The persistence of stress-induced physical inactivity in rats: an investigation of central monoamine neurotransmitters and skeletal muscle oxidative stress

Trevor J Buhr; Carter H Reed; Olivia M Wee; Ji Heun Lee; Li-Lian Yuan; Monika Fleshner; Rudy J Valentine; Peter J Clark

doi:10.3389/fnbeh.2023.1169151

The persistence of stress-induced physical inactivity in rats: an investigation of central monoamine neurotransmitters and skeletal muscle oxidative stress

Front Behav Neurosci. 2023 May 16:17:1169151. doi: 10.3389/fnbeh.2023.1169151. eCollection 2023.

Authors

Trevor J Buhr^#^{1

2}, Carter H Reed^#^{1

3}, Olivia M Wee¹, Ji Heun Lee³, Li-Lian Yuan⁴, Monika Fleshner⁵, Rudy J Valentine³, Peter J Clark^{1

2}

Affiliations

¹ Department of Food Science and Human Nutrition, Iowa State University, Ames, IA, United States.
² Interdepartmental Neuroscience Program, Iowa State University, Ames, IA, United States.
³ Department of Kinesiology, Iowa State University, Ames, IA, United States.
⁴ Physiology and Pharmacology, Des Moines University, Des Moines, IA, United States.
⁵ Department of Integrative Physiology, University of Colorado, Boulder, Boulder, CO, United States.

^# Contributed equally.

Abstract

Introduction: Sedentary lifestyles have reached epidemic proportions world-wide. A growing body of literature suggests that exposures to adverse experiences (e.g., psychological traumas) are a significant risk factor for the development of physically inactive lifestyles. However, the biological mechanisms linking prior stress exposure and persistent deficits in physical activity engagement remains poorly understood.

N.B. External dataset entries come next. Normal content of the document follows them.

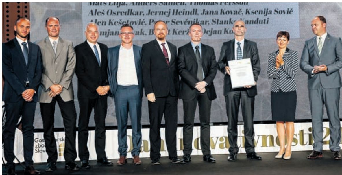
Inovatorji Skupine Gorenje ...

nagradimo,« pravijo v podjetju. K razvoju procesov, izdelkov prispevajo približno 10 odstotkov predloženih predlogov, nekatere nato razvijejo tudi v patentne. Teh prijavijo na leto blizu 30, kar uvršča BSH Hišne aparate Nazarje v sam vrh v državi.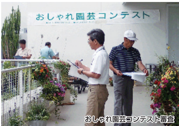
おしゃれ園芸コンテスト審査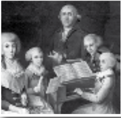
Mozart (am Klavier) musiziert mit dem gleichaltrigen Thomas Linley (Violine) Florenz 1770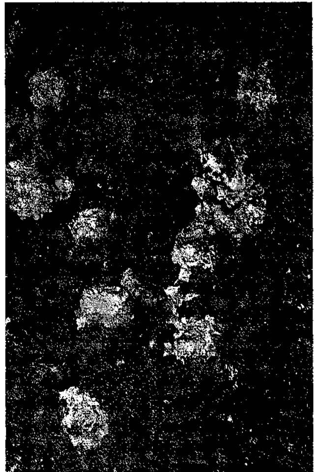
Fig. 3. Trèts efectuats sobre el panell pintat del conjunt d'Antona.

-S'ha de portar a terme de tal manera que el visitant rebi la suficient informació in situ sobre allò que és del seu interès i de tal manera que pugui entendre el motiu del tancament. Per tal d'aconseguir aquest re- sultat, és necessari recórrer a solucions com ara la instal·lació al peu de les picto- grafies i a l'interior dels tancaments d'uns plafons en els quals es reproduïxen els calcs de les pintures, acompanyats d'una succinta explicació sobre el que s'està con- templant, la significació i importància com a Bé Cultural d'Interès Nacional i Patrimoni Mundial i vulnerabilitat de les pintures. En aquesta línia de «tancaments didàctics», l'any 1998 el Servei d'Ar- queologia finalitzà el tancament del con- junt de la Vall de la Coma, a l'Albi (les Garrigues).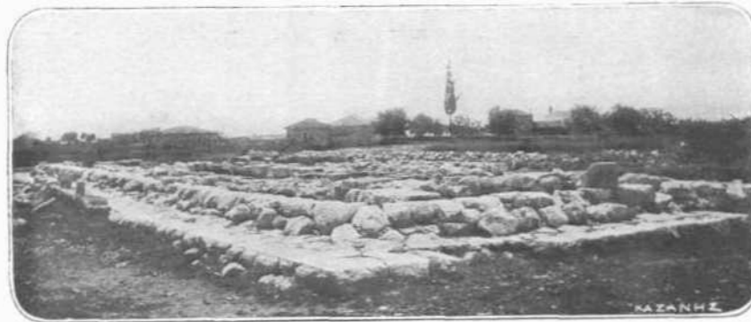
Ο ΝΑΟΣ ΤΟΥ ΔΑΦΝΗΦΟΡΟΥ ΑΠΟΛΛΩΝΟΣ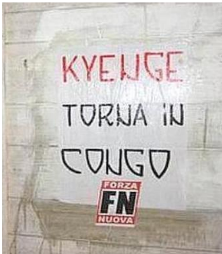
5- Mur tagué signé Forza Nuova;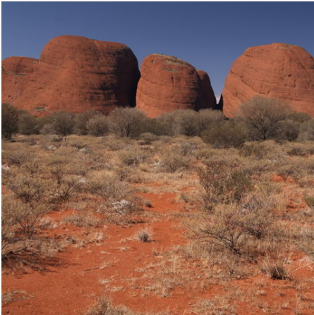
Die Olgas (Kata Tjuta) im Outback, Australien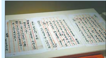
主题展上展出的邓恩铭家信(1925年)。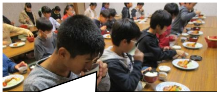
広島の前住生での昼食 同じ方向を向いて、コロナ対策もバッチリ！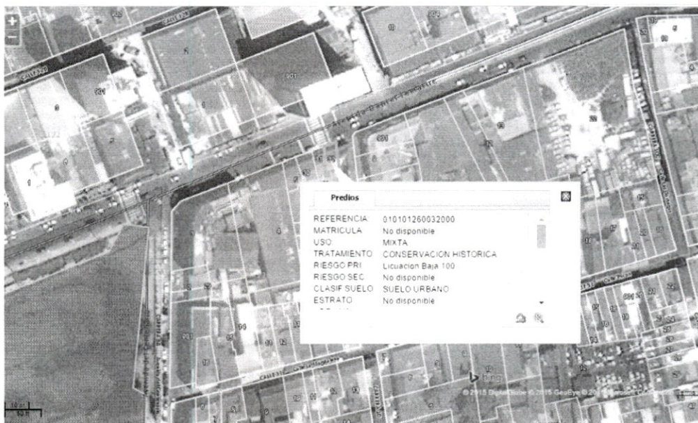
Imagen Fuente Midas Cartagena

El predio identificado con referencia catastral No. 01-01-0126-0032-000, localizado en la avenida Daniel Lemaitre o calle 32 No 9-66 en el barrio Getsemaní en el Centro Histórico de esta ciudad, de acuerdo con el artículo 522 que contiene el listado predial permite la actividad MIXTA definida en el artículo 450 de la citada disposición; en esta actividad se desarrollan las actividades RESIDENCIALES y ECONOMICAS , las cuales deben sujetarse, para su implementación en lo dispuesto en el artículo 449 de la Reglamentación Patrimonial establecida en el Decreto 0977 de 2001 o Plan de Ordenamiento Territorial. Tal como se observa en la siguiente gráfica:

Methods: The purpose of this study was twofold. First, to identify acute stress intensity thresholds that elicit long-term wheel running deficits in rats. To that end, young adult male rats were exposed to a single episode of 0, 50, or 100 uncontrollable tail shocks and then given free access to running wheels for 9 weeks. Second, to identify stress-induced changes to central monoamine neurotransmitters and peripheral muscle physiology that may be maladaptive to exercise output. For this study, rats were either exposed to a single episode of uncontrollable tail shocks (stress) or left undisturbed in home cages (unstressed). Eight days later, monoamine-related neurochemicals were quantified by ultra-high performance liquid chromatography (UHPLC) across brain reward, motor, and emotion structures immediately following a bout of graded treadmill exercise controlled for duration and intensity. Additionally, protein markers of oxidative stress, inflammation, and metabolic activity were assessed in the gastrocnemius muscle by Western blot.

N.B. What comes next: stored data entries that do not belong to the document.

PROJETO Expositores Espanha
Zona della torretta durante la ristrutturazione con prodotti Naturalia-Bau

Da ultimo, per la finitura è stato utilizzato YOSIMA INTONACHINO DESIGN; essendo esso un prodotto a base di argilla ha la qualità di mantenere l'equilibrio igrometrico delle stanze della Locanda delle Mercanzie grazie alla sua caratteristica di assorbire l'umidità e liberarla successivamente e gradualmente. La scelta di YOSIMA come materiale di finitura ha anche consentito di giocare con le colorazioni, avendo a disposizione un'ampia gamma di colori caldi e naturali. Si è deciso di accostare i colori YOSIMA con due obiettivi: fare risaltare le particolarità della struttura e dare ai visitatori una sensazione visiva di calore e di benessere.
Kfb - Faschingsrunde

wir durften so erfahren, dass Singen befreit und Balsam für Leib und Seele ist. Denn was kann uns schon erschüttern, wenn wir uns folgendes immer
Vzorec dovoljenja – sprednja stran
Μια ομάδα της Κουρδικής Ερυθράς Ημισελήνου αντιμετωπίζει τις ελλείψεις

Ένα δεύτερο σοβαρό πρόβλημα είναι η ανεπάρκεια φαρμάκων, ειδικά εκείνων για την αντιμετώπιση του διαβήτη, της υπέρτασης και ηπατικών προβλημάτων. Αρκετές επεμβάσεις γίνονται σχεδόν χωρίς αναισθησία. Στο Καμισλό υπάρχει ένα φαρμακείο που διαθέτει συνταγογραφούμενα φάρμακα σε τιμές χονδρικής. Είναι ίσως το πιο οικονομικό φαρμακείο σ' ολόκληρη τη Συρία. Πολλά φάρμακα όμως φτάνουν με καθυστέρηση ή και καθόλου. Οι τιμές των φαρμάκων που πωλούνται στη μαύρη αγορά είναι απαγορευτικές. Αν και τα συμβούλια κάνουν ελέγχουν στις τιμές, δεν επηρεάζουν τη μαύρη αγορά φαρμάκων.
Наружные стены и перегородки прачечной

Results: For experiment 1, stress exposure caused a shock number-dependent two to fourfold decrease in wheel running distance across the entire duration of the study. For experiment 2, stress exposure curbed an exercise-induced increase of dopamine (DA) turnover measures in the prefrontal cortex and hippocampus, and augmented serotonin (5HT) turnover in the hypothalamus and remaining cortical area. However, stress exposure also caused several monoaminergic changes independent of exercise that could underlie impaired motivation for physical activity, including a mild dopamine deficiency in the striatal area. Finally, stress potently increased HSP70 and lowered SOD2 protein concentrations in the gastrocnemius muscle, which may indicate prolonged oxidative stress.

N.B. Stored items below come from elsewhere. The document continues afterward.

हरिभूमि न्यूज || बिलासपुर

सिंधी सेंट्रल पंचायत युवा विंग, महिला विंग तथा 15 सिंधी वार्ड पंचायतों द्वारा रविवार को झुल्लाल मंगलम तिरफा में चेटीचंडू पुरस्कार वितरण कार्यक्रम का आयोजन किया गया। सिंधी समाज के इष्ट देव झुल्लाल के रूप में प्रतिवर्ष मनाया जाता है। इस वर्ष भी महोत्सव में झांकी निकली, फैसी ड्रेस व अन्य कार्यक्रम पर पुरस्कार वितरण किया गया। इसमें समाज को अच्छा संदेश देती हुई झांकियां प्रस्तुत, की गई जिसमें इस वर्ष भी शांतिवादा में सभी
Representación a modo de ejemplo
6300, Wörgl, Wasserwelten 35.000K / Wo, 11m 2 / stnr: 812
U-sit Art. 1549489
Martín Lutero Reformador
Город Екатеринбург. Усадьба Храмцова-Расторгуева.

Discussion: These data support some of the possible central and peripheral mechanisms by which exposure to adverse experiences may chronically impair physical activity engagement.

Keywords: adverse experience; exercise motivation; health behavior adherence; histamine; monoamine neurotransmitter; stress physiology.

Grants and funding

This research was funded in part by the College of Human Sciences Collaborative Research Seed Grant at Iowa State University (Ames, IA).